(Dataset extract)
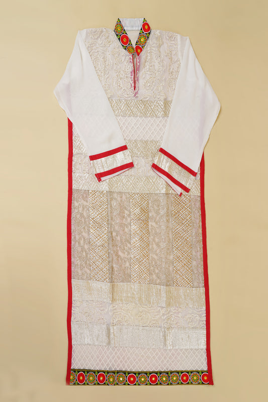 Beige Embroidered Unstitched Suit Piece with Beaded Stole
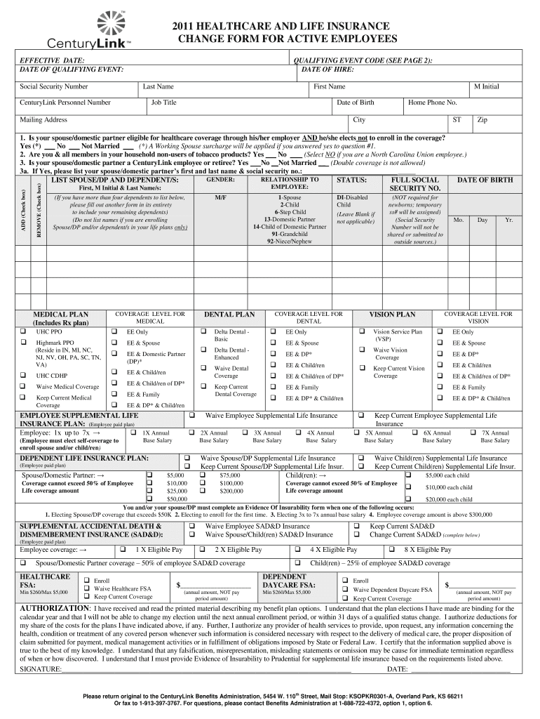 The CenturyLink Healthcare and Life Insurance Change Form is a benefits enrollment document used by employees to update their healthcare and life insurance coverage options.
(End Dataset extract)
(Dataset extract)
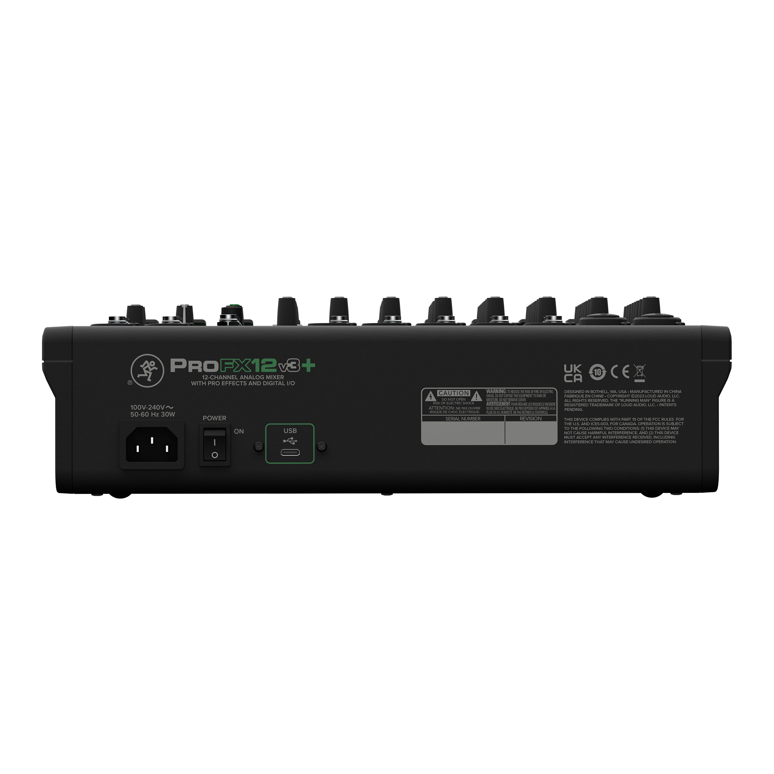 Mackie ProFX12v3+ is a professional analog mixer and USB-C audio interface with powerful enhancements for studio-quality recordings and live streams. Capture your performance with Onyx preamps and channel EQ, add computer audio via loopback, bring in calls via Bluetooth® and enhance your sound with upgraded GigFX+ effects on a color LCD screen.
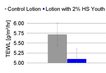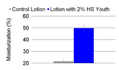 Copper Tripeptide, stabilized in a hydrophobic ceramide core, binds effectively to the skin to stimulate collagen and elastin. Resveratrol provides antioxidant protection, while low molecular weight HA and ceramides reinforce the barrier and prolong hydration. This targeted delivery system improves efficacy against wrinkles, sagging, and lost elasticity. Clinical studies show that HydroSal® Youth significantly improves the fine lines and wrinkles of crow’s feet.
(End Dataset extract)
(Dataset extract)
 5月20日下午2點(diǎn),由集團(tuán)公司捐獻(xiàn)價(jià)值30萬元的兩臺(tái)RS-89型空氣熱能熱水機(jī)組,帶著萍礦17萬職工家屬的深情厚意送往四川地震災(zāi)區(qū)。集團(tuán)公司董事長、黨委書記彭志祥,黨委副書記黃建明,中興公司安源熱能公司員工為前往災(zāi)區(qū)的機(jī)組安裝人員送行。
(End Dataset extract)
# Exercise instructions
Retype only the lines above from the one with "Mackie ProFX12v3+ is" through the one with "Copper Tripeptide, stabilized", exactly and with both ends. Images stay out.

# Answer below
 Mackie ProFX12v3+ is a professional analog mixer and USB-C audio interface with powerful enhancements for studio-quality recordings and live streams. Capture your performance with Onyx preamps and channel EQ, add computer audio via loopback, bring in calls via Bluetooth® and enhance your sound with upgraded GigFX+ effects on a color LCD screen.
 Copper Tripeptide, stabilized in a hydrophobic ceramide core, binds effectively to the skin to stimulate collagen and elastin. Resveratrol provides antioxidant protection, while low molecular weight HA and ceramides reinforce the barrier and prolong hydration. This targeted delivery system improves efficacy against wrinkles, sagging, and lost elasticity. Clinical studies show that HydroSal® Youth significantly improves the fine lines and wrinkles of crow’s feet.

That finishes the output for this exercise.